OpenAI launches two ‘open’ AI reasoning models

OpenAI announced the launch of two open-weight AI reasoning models on Tuesday, offering capabilities similar to its O-series. Both models are freely available for download on Hugging Face, described by OpenAI as “state-of-the-art” based on multiple benchmarks for open models.

The models come in two sizes: a larger GPT-OSS-120B, which can run on a single Nvidia GPU, and a lighter GPT-OSS-20B, designed for consumer laptops with 16GB of memory. This marks OpenAI’s first open language model release since GPT-2, which debuted over five years ago.

OpenAI revealed that its open models can send complex queries to AI models in the cloud. If a task exceeds the model’s capabilities—such as image processing—developers can connect it to OpenAI’s more advanced closed models. While OpenAI initially embraced open-source AI, it later shifted to a proprietary approach, building a lucrative business by selling API access to enterprises and developers.

CEO Sam Altman acknowledged in January that OpenAI may have been “on the wrong side of history” regarding open-sourcing its technology. The company now faces competition from Chinese AI labs like DeepSeek, Alibaba’s Qwen, and Moonshot AI, which have produced some of the world’s most capable open models. Meta, once a leader in open AI, has seen its Llama models fall behind in recent months.

The Trump Administration has also encouraged U.S. AI developers to open-source more technology to promote global adoption of AI aligned with American values. With GPT-OSS, OpenAI aims to win over developers and policymakers concerned about China’s growing influence in the open-source AI space.

Altman reiterated OpenAI’s mission to ensure AGI benefits all of humanity, emphasizing the importance of an open AI stack based on democratic values.

**Performance Benchmarks**
OpenAI claims its open models lead among open-weight AI models. On Codeforces, a competitive coding test, GPT-OSS-120B and GPT-OSS-20B scored 2622 and 2516, respectively—outperforming DeepSeek’s R1 but trailing OpenAI’s O3 and O4-mini.

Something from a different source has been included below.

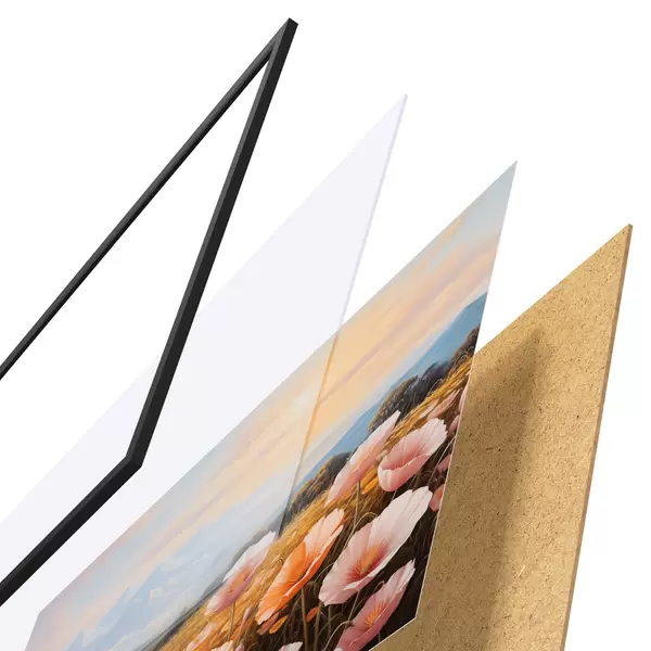 De poster bestaat uit een frame, plexiglas, geprinte afbeelding en spaanplaat achterkant. De poster kan meteen aan de muur worden gehangen dankzij de bevestigingen op de achterkant.
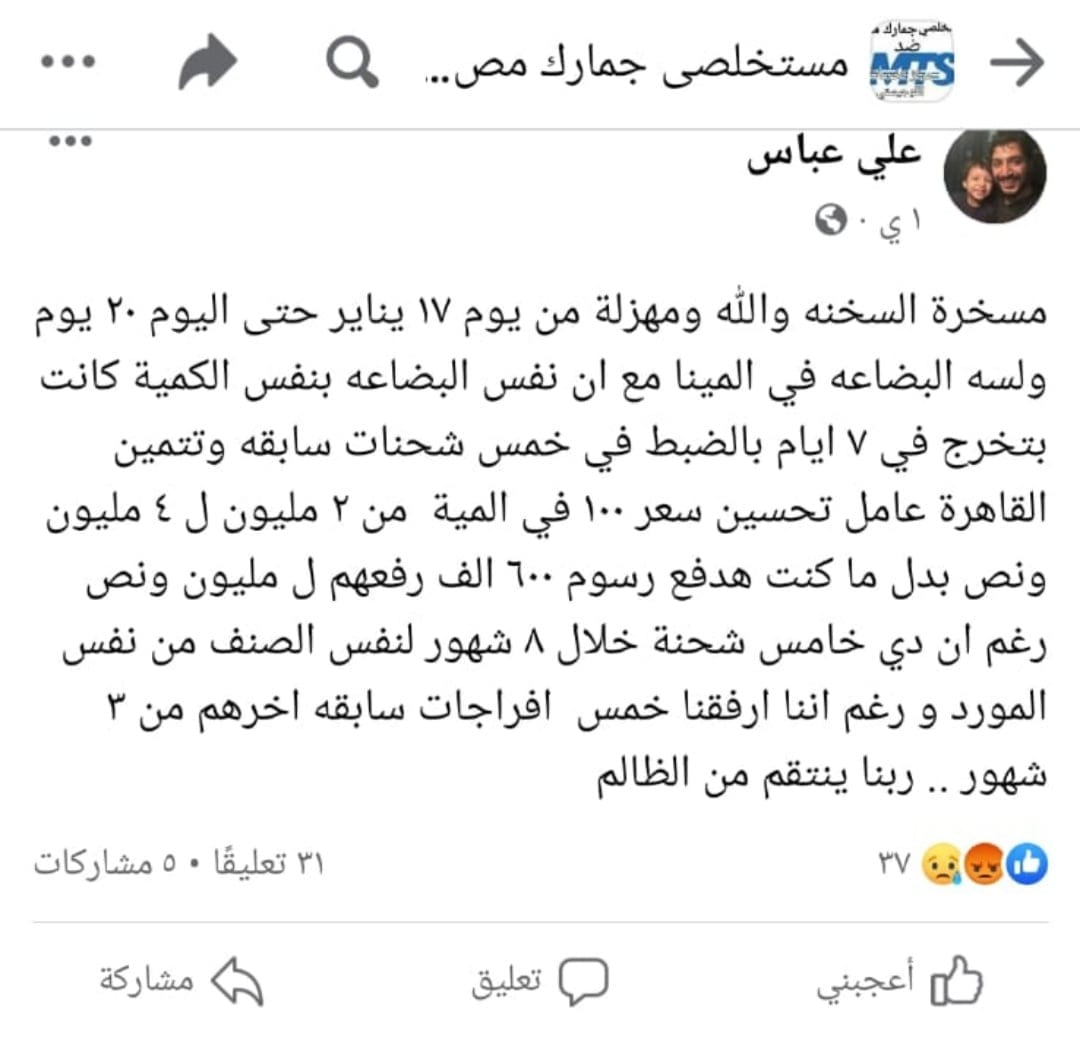 وهو ما لا يدع مجالاً للشك ويؤكد لذوي البصيرة الوطنية أن شركة ((mts)) الخاصة والتي تُدير الجمارك المصرية من الباطن ((تعمل لصالح التوكيلات الملاحية الأجنبية)) ((قولاً واحداً)) بزيادة زمن الإفراج بصورة مبالغ فيها فتلك التوكيلات الملاحية الأجنبية هي المستفيد الوحيد لما يتكبده المستوردين من دفع أرضيات وديمرج بالمواني المصري بلغت مئات الملايين من الدولارات والعُملة الصعبة أنعكست على أسعار كافة السلع المستوردة بالأسواق المصرية بلغت خمسة أضعاف من سعرها العالمي مما يُحمل المواطن المصري أعباء كارثية أدت لعزوف الغالبية العظمي عن الشراء مما أدي إلى حالة كساد وركود قتلت العملية التجارية وساعدت على مزيد من الشلل الإقتصادي في مصر .

On Humanity’s Last Exam, a challenging multi-subject test, GPT-OSS-120B and GPT-OSS-20B scored 19% and 17.3%, surpassing DeepSeek and Qwen but falling short of O3.

However, OpenAI’s open models hallucinate significantly more than its latest reasoning models. On PersonQA, GPT-OSS-120B and GPT-OSS-20B hallucinated in response to 49% and 53% of questions—far higher than O1 (16%) and O4-mini (36%). OpenAI attributes this to smaller models having less world knowledge.

**Training Process**
The open models were trained similarly to OpenAI’s proprietary models, using mixture-of-experts (MoE) to improve efficiency. GPT-OSS-120B, with 117 billion parameters, activates only 5.1 billion per token.

High-computer reinforcement learning (RL) was used for post-training, refining the models’ reasoning through simulated environments. This process enables the models to power AI agents, call tools like web search, and execute Python code—though they remain text-only, unable to process images or audio.

**Licensing and Safety**
OpenAI released the models under the Apache 2.0 license, allowing commercial use without restrictions. However, it will not disclose the training data, likely due to ongoing lawsuits over copyrighted material.

The launch was delayed multiple times to address safety concerns. OpenAI tested whether bad actors could fine-tune the models for cyberattacks or bioweapon development. While minor risks were identified, the models did not meet OpenAI’s threshold for high capability threats.

Despite OpenAI’s strong performance among open models, developers await DeepSeek’s R2 and Meta’s next open model from its superintelligence lab.